[[ Data in this exercise, beginning ]]

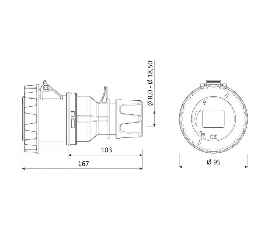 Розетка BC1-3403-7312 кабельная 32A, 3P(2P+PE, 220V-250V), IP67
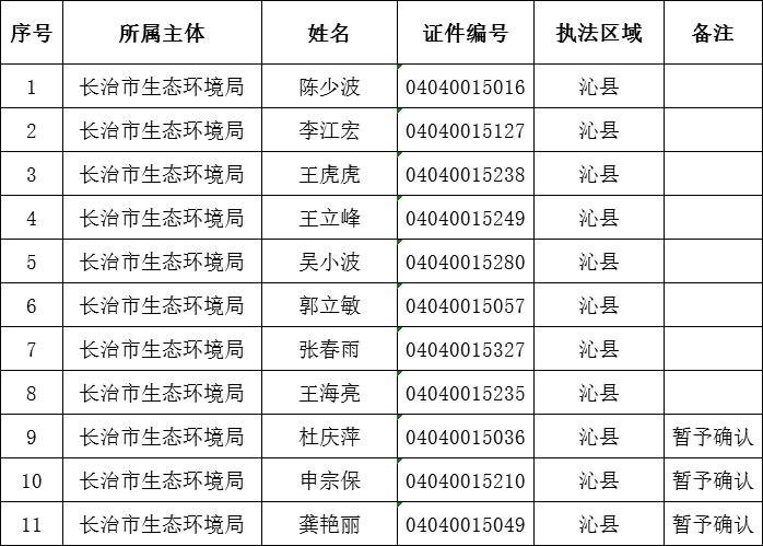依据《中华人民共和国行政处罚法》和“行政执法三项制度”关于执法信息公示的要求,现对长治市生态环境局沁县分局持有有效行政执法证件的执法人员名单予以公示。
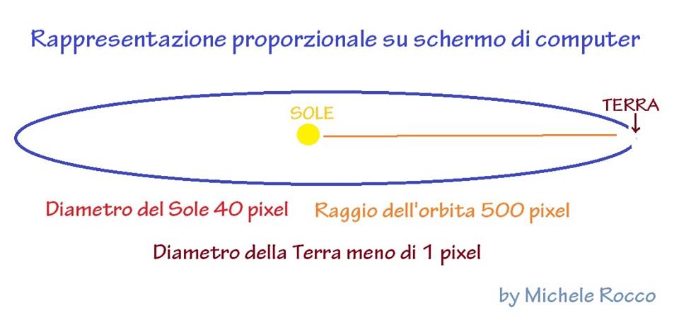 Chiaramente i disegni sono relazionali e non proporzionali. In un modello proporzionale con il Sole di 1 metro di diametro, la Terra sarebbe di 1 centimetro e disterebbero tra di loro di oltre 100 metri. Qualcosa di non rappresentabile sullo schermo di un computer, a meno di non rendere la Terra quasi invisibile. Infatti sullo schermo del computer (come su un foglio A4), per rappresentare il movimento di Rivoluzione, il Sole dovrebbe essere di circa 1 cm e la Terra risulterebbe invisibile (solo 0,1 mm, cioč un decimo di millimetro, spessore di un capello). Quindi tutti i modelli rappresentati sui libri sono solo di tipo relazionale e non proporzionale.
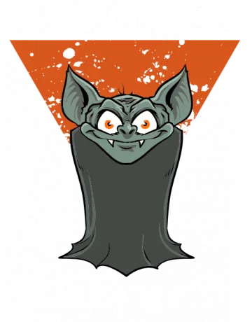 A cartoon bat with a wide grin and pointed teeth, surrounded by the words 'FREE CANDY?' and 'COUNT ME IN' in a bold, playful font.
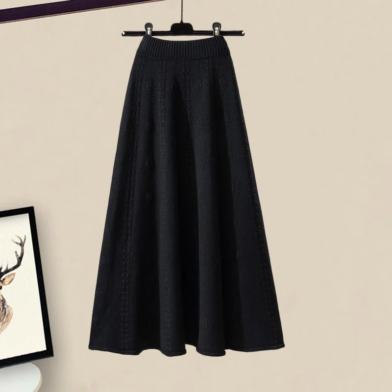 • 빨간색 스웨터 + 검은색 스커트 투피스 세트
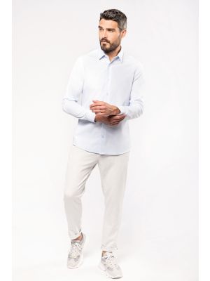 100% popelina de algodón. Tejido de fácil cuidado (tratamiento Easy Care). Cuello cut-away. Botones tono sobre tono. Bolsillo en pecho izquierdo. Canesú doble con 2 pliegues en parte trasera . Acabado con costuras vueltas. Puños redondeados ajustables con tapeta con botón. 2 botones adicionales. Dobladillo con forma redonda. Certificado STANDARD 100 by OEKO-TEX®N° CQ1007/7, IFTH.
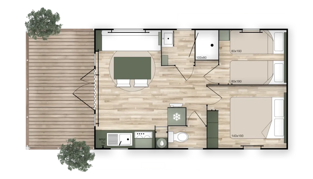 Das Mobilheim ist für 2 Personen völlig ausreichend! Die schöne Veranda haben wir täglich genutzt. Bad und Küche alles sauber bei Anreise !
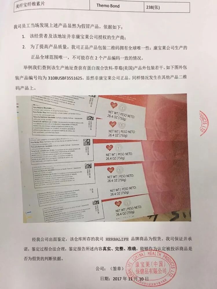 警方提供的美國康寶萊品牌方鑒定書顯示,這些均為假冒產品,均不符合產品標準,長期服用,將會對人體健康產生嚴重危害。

[[ Data in this exercise, end ]]

Word for word, output the lines from the beginning of the listing through the line holding "依据《中华人民共和国行政处罚" and nothing beyond them. Omit the pictures.

### Expected answer
 Розетка BC1-3403-7312 кабельная 32A, 3P(2P+PE, 220V-250V), IP67
依据《中华人民共和国行政处罚法》和“行政执法三项制度”关于执法信息公示的要求,现对长治市生态环境局沁县分局持有有效行政执法证件的执法人员名单予以公示。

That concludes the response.